The kid in front of me is videochatting and typing to his gf. I should make poop/sex faces over his shoulder, right?
I'm lit.While shaving my legs I pretended the razor was a tractor cutting down corn. Noises included.
I just jerked off and used a stopwatch to track my results. Pretty depressing on multiple fronts.
We broke two of his toes while having sex. He laughed said he'd fix it in the morning and kept going. I think I'm in love
Ever since I told them the story of the sex in the canoe scandal its like I am in season
I feel that my cleavage set an unattainably high bar for 2013.
Last time Jon threw a party I woke up on my porch, no shirt but 4 bras on, and "make better life choices" written on my stomach in sharpie
The pool of urine in the trash can signifies both a regretful yet successful night.
He rubbed my back afterwards.

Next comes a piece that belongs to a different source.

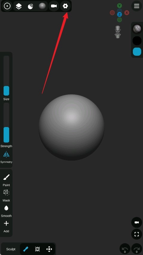 1、启动Sculpt+建模软件,进入主界面后,点击顶部呈齿轮形状的“设置”图标。

I forgot how to talk and I legitimately thought I was a cat for a few minutes.
Incase you were wondering. Cooking naked turns into sex. Sex and cooking may lead to house fire....
I've never been so drunk at home. I just sat on the toilet playing with toilet paper for ten minutes, I almost made a paper crane.
He went down on me while I was on the phone with my grandma.
Last 4 google searches: class c felony, scary ghosts, peanut butter jelly time, Lindsey lohans vagina
This is the difference between me and him; he buys you flowers, I buy you a dildo
I just caught your son trying to perform fellatio on himself. What do I do?